Brazil Anticipating US$ 35 Billion in Foreign Direct Investment This Year

    Brazil's stock exchange Bovespa

    Brazil's stock exchange Bovespa According to the projection of the Central Bank of Brazil, the country should receive US$ 35 billion in FDI in the whole of 2008. Foreign direct investment (FDI) inflow into Brazil reached US$ 3.24 billion in July, and totaled US$ 19.942 billion in the first seven months this year.

    Figures disclosed last week by the Central Bank show that investment inflow in the corresponding periods last year was higher. In July, the total was US$ 3.613 billion, and the accumulated result from January to July 2007 was US$ 24.466 billion.

    The sectors that received the most foreign direct investment this year were metallurgy (17.2%), financial services (14.8%) and mineral extraction (8.7%). The head of the Economic Department at the Central Bank, Altamir Lopes, also highlighted the sectors of real estate activities and construction of buildings, which are indicators of rising FDI shares, even though they do not receive the bulk of this type of investment. These segments answered to 4.6% and 4.2% of FDI inflow, respectively.

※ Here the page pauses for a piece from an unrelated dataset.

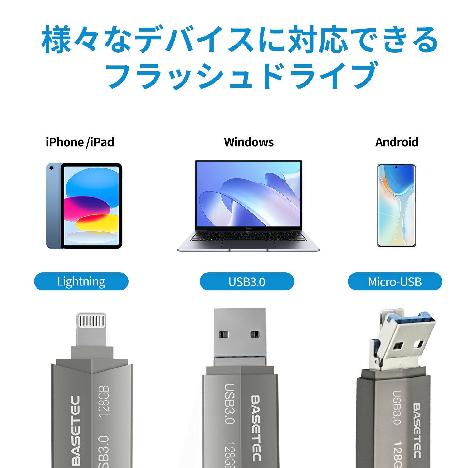 【容量が選べるUSBメモリ新登場】 BASETECのUSBメモリは、容量128GB/256GBの2種類を取り揃えております。ご注文の際は、用途に合わせてどちらかお好きな容量をお選びいただけます。 大容量のUSBメモリなので、多くのデータを保存することが可能です。容量不足の時でも、大切なデータを残しておきたいという方にお勧めの商品です。 【容量不足解消】 BASETECのUSBフラッシュドライブは、ios機器やマイクロUSBタイプのAndroidスマートフォンの拡張メモリとして利用できるので、iPhone/Android携帯等の容量不足を解消します!また、音楽やドキュメント等の豊富なファイルを保存することができます。保存したデータは専用アプリで簡単に管理ができます。 【高速転送】 データの高速転送が可能なUSB3.0ポートあり!USB3.0ポートに対応している使用機器であれば短時間での転送が可能です。 USBフラッシュドライブに素早く取り込むことで、iPhone/Android携帯等の空き容量を増やします。 【直接保存や再生も可能】 インターネットがない環境でも、フラッシュドライブに保存したメモリから直接ビデオや音楽を再生して楽しむことができます。また撮影した動画や写真のデータを、iPhone/Android携帯などの容量を使用せず、フラッシュドライブに直接保存することができます。iPhone/Androidの空き容量が少なくても、撮影可能です。 【幅広い互換性】 このUSBフラッシュドライブは、多くの機種に対応しており、幅広い互換性を持ち合わせています。:iOS(携帯電話/Pro/Plus/Max、iPad/Air/Mini、iPod)、USB (Windows 7/8/10/11/Vista / XP / 2000 / ME / NT Linuxに対応)、マイクロ(マイクロUSBインターフェースを備えたAndroidスマートフォン用のマイクロUSBインターフェース。 S6/ S7 / S4/S5/S3/S2/Samsung A7など)。 メーカー希望小売価格はメーカーサイトに基づいて掲載しています 【確認・注意事項】 ●本製品を使用し、データの消失やデバイスに不具合が起こった場合、弊社では一切の 責任を負いかねます。 ●本製品は汎用品となります。お使いのデバイス、OSのバージョンによってはご使用いた だけない可能性がございます。 ●お子様や意思表示が困難な方の使用、及び乳幼児の手の届く場所でのご使用、保管は しないでください。 ●水濡れ、高温多湿な環境での使用はしないでください。 ●分解、修理はしないでください。 ●本製品の使用や故障によって生じた損害について、直接、間接問わず弊社では一切の責 任を負いかねます。予めご了承ください。 ●改良や仕様変更により、商品ページ、カタログ、取扱説明書と一部仕様が異なる場合 がございます。予めご了承ください。 ●重要なデータの移動時は必ずバックアップを行い、データの移動を行ってください。 (本製品を使用してのデータの消失・破損・お使いの機器の不具合については 弊社は一切の責任を負いかねます。) ●動作中(操作完了前)やシャットダウン中でも記録媒体がファイルの読み書きをしている ことがございます。説明書に記載している各端末の「本製品、記録媒体の安全な取り出し 方法」をご確認いただき、取り外しを行ってください。正しい方法で取り外しを行わない場合、 エラーやデータの消失、破損が起きる可能性がございます。関連商品はこちら 最大35W急速充電器セット 1,480円~ 新発売!色と長さが選べるシリコンケーブル 780円~ 商品名: BASETEC(ベーステック) 128GB USBメモリ 【タイプが選べるUSBメモリ新登場】 BASETECのUSBメモリは、容量128GBのTypeC非対応またはType-C対応の2種類を取り揃えております。ご注文の際は、用途に合わせてどちらかお好きな容量をお選びいただけます。 大容量のUSBメモリなので、多くのデータを保存することが可能です。容量不足の時でも、大切なデータを残しておきたいという方にお勧めの商品です。 【容量不足解消】 BASETECのUSBフラッシュドライブは、ios機器やマイクロUSBタイプのAndroidスマートフォンの拡張メモリとして利用できるので、iPhone/Android携帯等の容量不足を解消します!また、音楽やドキュメント等の豊富なファイルを保存することができます。保存したデータは専用アプリで簡単に管理ができます。 【高速転送】 データの高速転送が可能なUSB3.0ポートあり!USB3.0ポートに対応している使用機器であれば短時間での転送が可能です。 USBフラッシュドライブに素早く取り込むことで、iPhone/Android携帯等の空き容量を増やします。 【直接保存や再生も可能】 インターネットがない環境でも、フラッシュドライブに保存したメモリから直接ビデオや音楽を再生して楽しむことができます。また撮影した動画や写真のデータを、iPhone/Android携帯などの容量を使用せず、フラッシュドライブに直接保存することができます。iPhone/Androidの空き容量が少なくても、撮影可能です。 【幅広い互換性】 このUSBフラッシュドライブは、多くの機種に対応しており、幅広い互換性を持ち合わせています。:iOS(携帯電話/Pro/Plus/Max、iPad/Air/Mini、iPod)、USB (Windows 7/8/10/11/Vista / XP / 2000 / ME / NT

    The current account balance (all transactions between Brazil and foreign countries) from January to July showed a deficit of US$ 19.512 billion, the highest value ever recorded during the period since the beginning of the Central Bank's historical series, in 1947. In the last 12-month period the deficit was US$ 19.94 billion, the highest for the period since March 2002. In July, the deficit of US$ 2.111 billion was the highest for the month since 1997.

    According to Lopes, the reasons for the result in July were the increase in remittances of profits and dividends from branches of companies to their head offices abroad, heightening of interest payments, typical of the month of July, and expansion of the international travel account deficit.

    To Lopes, the current account deficit should slowdown. The forecast is for the negative result to decrease to US$ 1 billion in August. "Should the result prove true, then we will have a reduction in net payments of services, profits and dividends, and the trade balance will behave well," he asserted.

    The head at the Economic Department of the Central Bank of Brazil underscored the fact that the current account deficit is going to be financed by FDI, which is characterized by a lasting interest from investors in the enterprise at hand.

    In August, up until last Thursday (21), direct investment inflow totaled US$ 4.5 billion, driven by an operation in the mining sector. The Central Bank expects to close the month at US$ 5.2 billion.